Comparison of WM spots between groups

The WM pseudobulk data from Fig. 2b for each group were used individually as input for DESeq2 (ref. ⁶⁵) using the other two groups as a reference (Fig. 2c). The R package fgsea⁶⁷ was used for GO term enrichment analysis on the log₂-transformed fold change values from each group. NESs of selected significant GO terms (P_adj < 0.1) are shown on Fig. 2c and Supplementary Table 6.

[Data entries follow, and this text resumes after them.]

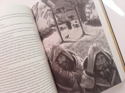 Wspomnieć muszę jeszcze kilka słów o wydaniu, bo jest ono wspaniałe. Słuchajcie: twarda oprawa, mapka jako wyklejka, mnogość ilustracji, piękne inicjały na początku rozdziałów, ozdobne zawijańce zamiast tradycyjnych gwiazdek/podziałek. Kiedy ogląda się tę publikację zapiera dech w piersiach. Nie wiem, jaki macie stosunek do książek, które kupujcie, ale ja właśnie takie egzemplarze chcę mieć na mojej półce (nawet kiedy muszę wydać kilka złotych więcej). Dlaczego? Mam ograniczoną powierzchnię na książki, więc chcę, żeby na pólkach stały piękne egzemplarze.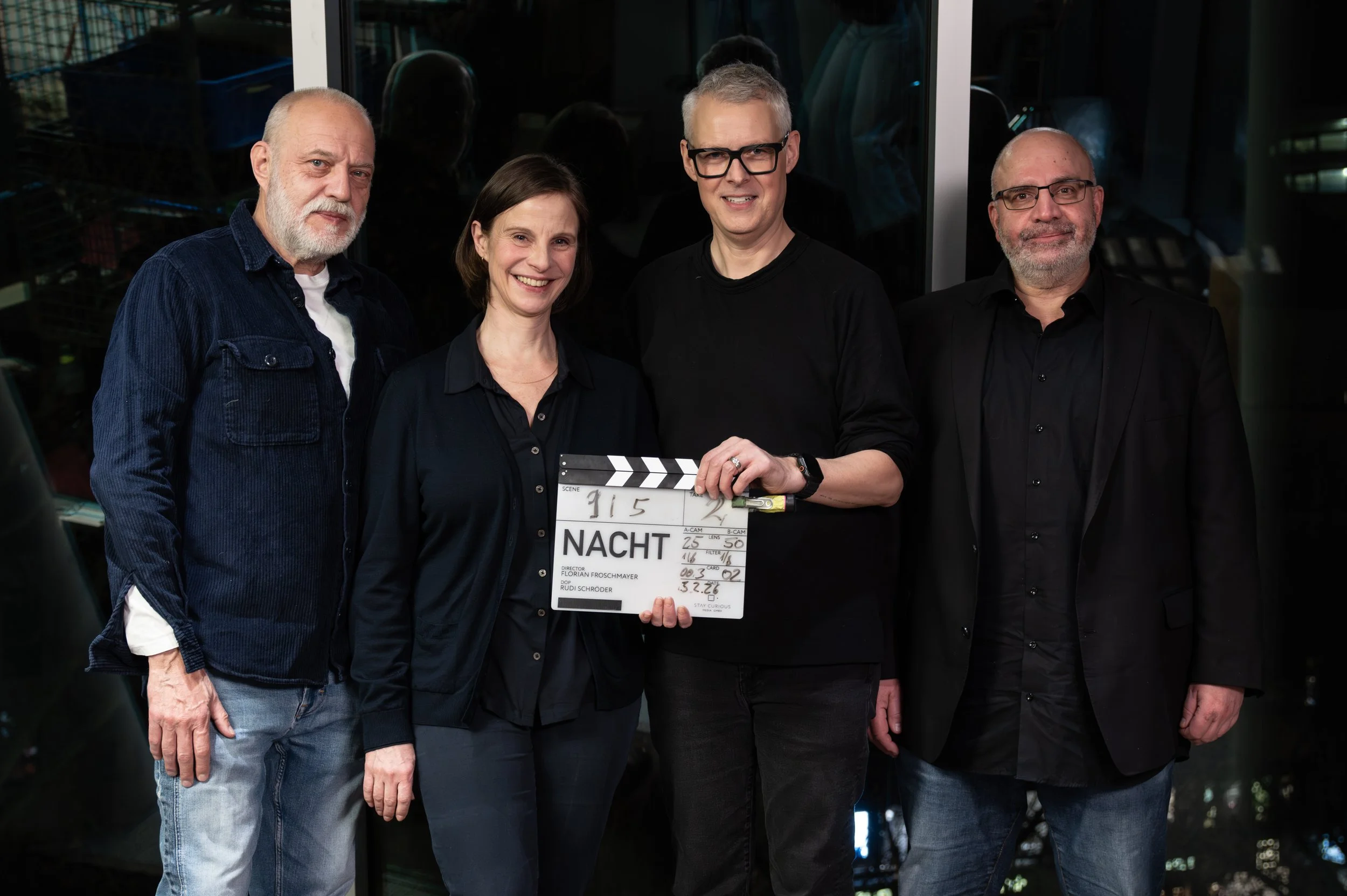 NACHT is an independently produced feature film by Florian Froschmayer, realized with an experienced team of long-time collaborators. Cinematography is by Rudi Schröder, production design by Jost Brand Hübner, costume design by Manuela Nierzwicki, and makeup by Kim Epes. The original score is composed by Rainer Oleak, with original songs by Steven Eli. Sound design is by Peter Staubli (Skyfall, The Bourne Ultimatum). Additional cast members include Oliver Mommsen, Lea Freund, Carina Wiese, Natascha Weintzendorf, Leonardo Can, as well as Victoria Sturm and Tilo Schmitz (voices).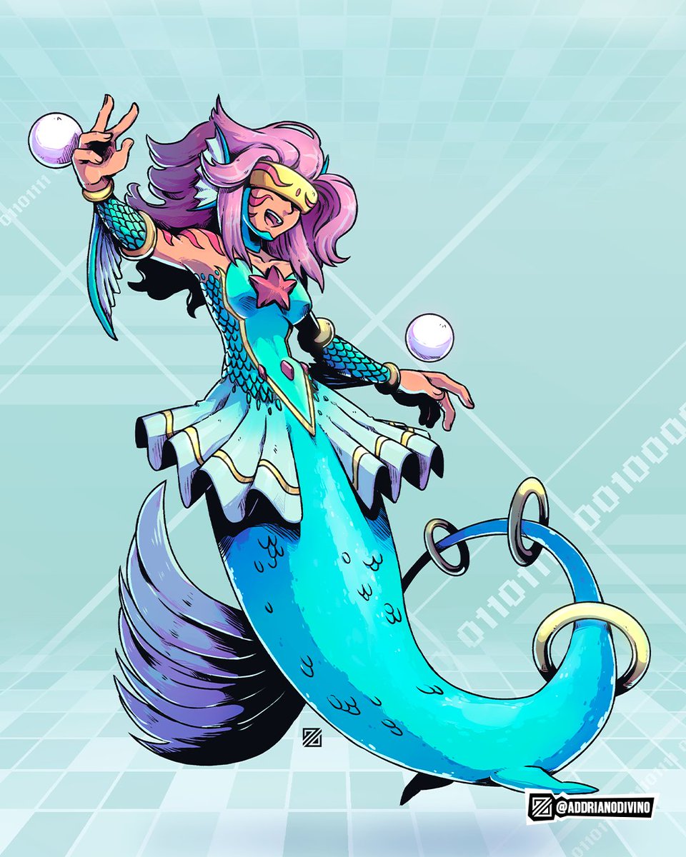 #Digimon #Commission and another entry in the #mermay This is Meyrenmon, a Champion Level digimon that loves to dance and travel!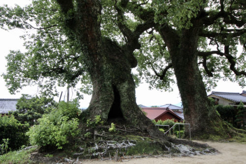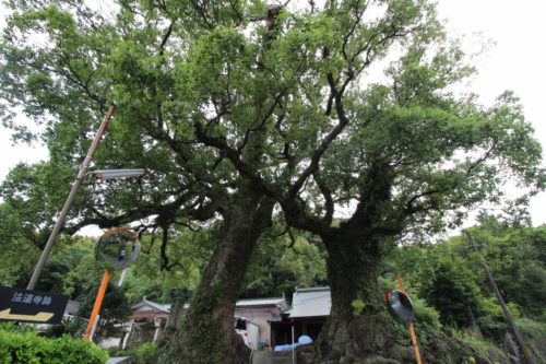 薬師堂の前に立つ2本のクスノキ。法道寺そのものはすでに廃寺になっていますが、この薬師堂のほか、少し離れた場所に石碑や観音堂も残されています。

Normalization of gene signature across tumour density bins

Tumour density was first discretized into 20 bins ranging from 0 to 1 with step size 0.05 (Fig. 2e,g and Extended Data Fig. 2). Then, for each gene signature (g), let x_gcij denote the AUC value of that gene signature from the ith spot of the cth cell line in the jth bin, where j ∈ {1, …, 20}. The average AUC value of the spots in the jth bin: \({\bar{x}}_{gcj}={\sum }_{i}{x}_{gcij}/{n}_{cj}\), where n_cj stands for the number of spots from the cth cell line in the jth bin. Then the mean across cell lines was calculated and as \({\bar{x}}_{gj}={\sum }_{c}{\bar{x}}_{gcj}/{n}_{c}\), where n_c stands for the number of cell lines used. Finally, \({\bar{x}}_{gj}\) was z-score normalized across 20 bins such that \({z}_{gj}=\frac{{\bar{x}}_{gj}-{\mu }_{gj}}{{\sigma }_{gj}}\), where μ_gj and σ_gj stand for the mean and s.d. of \({\bar{x}}_{gj}\) across 20 bins respectively.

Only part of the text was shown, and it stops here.